# Bones or Castle? Life after The Mentalist



## tivotvaddict (Aug 11, 2005)

My teenage daughter and I find ourselves very sad to be at the end of available Netflix DVDs of The Mentalist. We watch about 20 minutes a day, so t's been a part of our daily viewing for a while....

Bones and Castle seem to be similar. Thoughts on which we should try - or other suggestions? DD occasionally gets nightmares fom The Mentalist so unfortunately nothing more intense (I love, say Dexter or Sopranos but that's not gonna work. ). 

tta


----------



## betts4 (Dec 27, 2005)

I vote Castle. 

Both are good shows but if there are nightmares involved then Bones can be sometimes a bit free with decaying skin and bones and body parts. Castle is lots of fun.


----------



## murgatroyd (Jan 6, 2002)

Castle will be especially fun because of the family interaction with Castle, his daughter, and his mom.


----------



## LoadStar (Jul 24, 2001)

Castle is IMO a much more enjoyable series.


----------



## madscientist (Nov 12, 2003)

+Castle


----------



## unitron (Apr 28, 2006)

Bones and Castle really aren't that much alike.

But Bones isn't all that much like the books, either.

And, so far, Castle hasn't pulled a big retcon the way Bones did.


----------



## steve614 (May 1, 2006)

I vote Castle.
Bones is more visual with the gore of dead bodies.


----------



## Jesda (Feb 12, 2005)

Give up on Bones after season 4. Trust me.


----------



## jamesl (Jul 12, 2012)

tivotvaddict said:


> ... - or other suggestions?
> 
> DD occasionally gets nightmares fom The Mentalist .


Monk
Psych
Elementary

all fun, all good, and I think all more similar to The Mentalist than Bones is

Psych is the only one that has a little romance occasionally going on

neither Monk nor Psych are as gruesome, gory as Bones is (and Bones can be very messy -- decaying bodies wrapped in plastic bags and then the bags cut open and the liquified contents gushing out)

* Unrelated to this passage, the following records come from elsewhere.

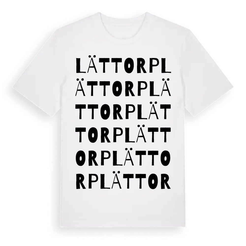 Lättorp ordlek t-shirt är inspirerad av Lättorp i Västra Götalands län, Sverige. Tröjan är designad för dig som har en speciell koppling till platsen – oavsett om du bor här, har rötterna här eller bara älskar Lättorp.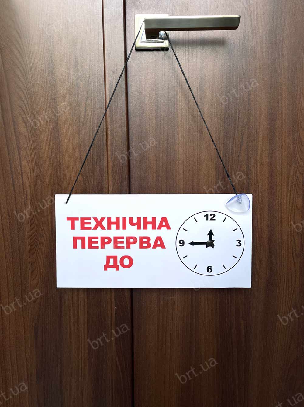 Технічна перерва - табличка з годинником на шнурку і присосу від виробника "Бюро рекламних технологій".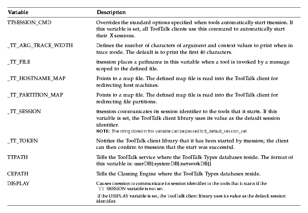 A process is given a modified environment when it is automatically started by the ToolTalk service. The modified environment includes the environment variables $_TT_SESSION, $_TT_TOKEN, and any contexts in the start-message whose keyword begins with the dollar sign symbol ($). Optionally, the environment variable $_TT_FILE may also be included in the modified environment if it is a file-scoped message.

Elementary not very gory but is still in the middle of the first season

Psych and Monk very often mix comedy in with the detective work (Psych's running joke of him making fun of another detective's skepticism and his hard-nose straight by the book style -- Monk's comedy comes from his idiosyncrasies -- fear of germs, heights, small spaces, abandonment, round things, milk)


----------



## Kamakzie (Jan 8, 2004)

Castle even though I watch both.


----------



## dcheesi (Apr 6, 2001)

I've only watched Castle, but I think it's a great show. 

Slightly OT, but having only watched an episode or two of The Mentalist: what is it in that show that produces nightmares? Looked pretty tame to me


----------



## Test (Dec 8, 2004)

jamesl said:


> *Monk
> Psych*
> Elementary
> 
> ...


I would vote Psych then Monk. Especially because the Mentalist seems like it copied a major plot point from Psych which they've made a few jokes about on the show.

Also, both of those are on Netflix Watch Instant.


----------



## SnakeVargas (Feb 8, 2013)

I would say Castle. It still cracks me up to see the guy wandering around crimes scenes with WRITER written on his vest.

Also check out Burn Notice and Leverage if you havent yet. I was sad to see Leverage canceled.


----------



## robojerk (Jun 13, 2006)

Bones went to crap after season 3 (writers strike a few years ago) I dropped it in season 4.


----------



## mlippert (Apr 3, 2010)

Castle is a good choice. I might also suggest NCIS (and NCIS is in season 10, so if you like it, there's a lot to catch up on available on DVD). It does occasionally get intense, but I think in a similar ratio to the mentalist.

And for NCIS, like the mentalist, it's the camaraderie of the team which makes the show.


----------



## JYoung (Jan 16, 2002)

Castle.

Unlike Bones, Castle doesn't see the need to destroy the characters.


----------



## unitron (Apr 28, 2006)

JYoung said:


> Castle.
> 
> Unlike Bones, Castle doesn't see the need to destroy the characters.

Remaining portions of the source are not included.